Terrorists have attacked on holidays, but authorities are now especially alert on those occasions, and the number and violence of anniversary attacks have lessened. Al Qaeda has never staged an incident on a holiday.
Chemical, biological, and nuclear (CBN) attacks are possible, but difficult and unlikely. Only one has succeeded over the last two decades--the 1995 Sarin incident on the Tokyo subway. Thousands were injured, but just six people died.

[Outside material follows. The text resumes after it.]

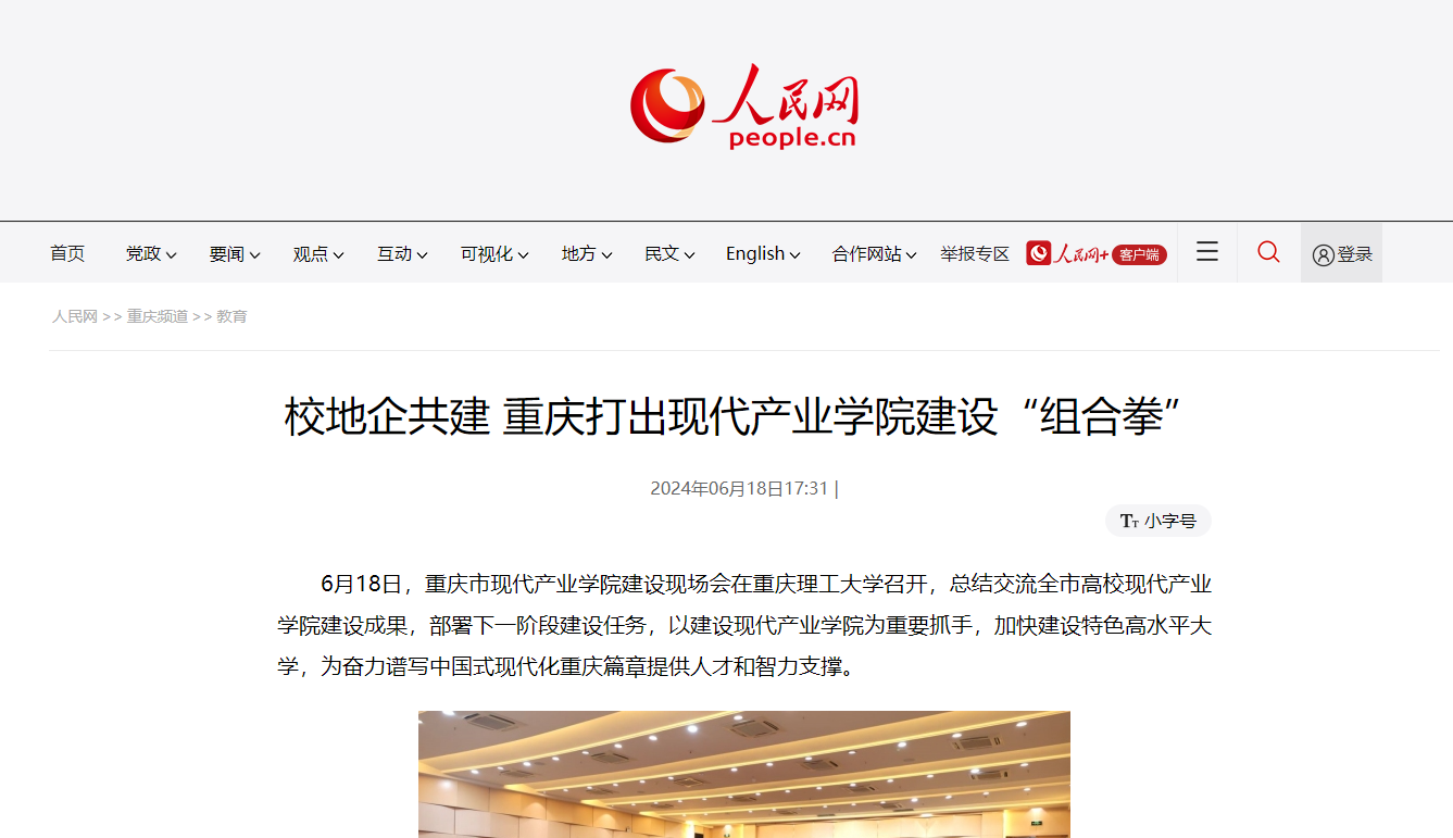 6月18日,重庆市现代产业学院建设现场会在重庆理工大学召开,总结交流全市高校现代产业学院建设成果,部署下一阶段建设任务,以建设现代产业学院为重要抓手,加快建设特色高水平大学,为奋力谱写中国式现代化重庆篇章提供人才和智力支撑。

There have been no CBN attacks with mass fatalities anywhere. Terrorist "experts" simply have thought up everything terrible that can happen, and then assumed it will. Terrorists would encounter problems dispersing biological toxins. Most quickly dilute in any open space, and others need perfect weather conditions to cause mass casualties. Some biological agents, although not anthrax, are killed by exposure to ultraviolet light. The Washington, D.C., subway system has devices that can detect biological toxins. New York has the highest-density population of any American city, and for this reason might have the greatest probability of such an attack, but it also has the best-prepared public health system.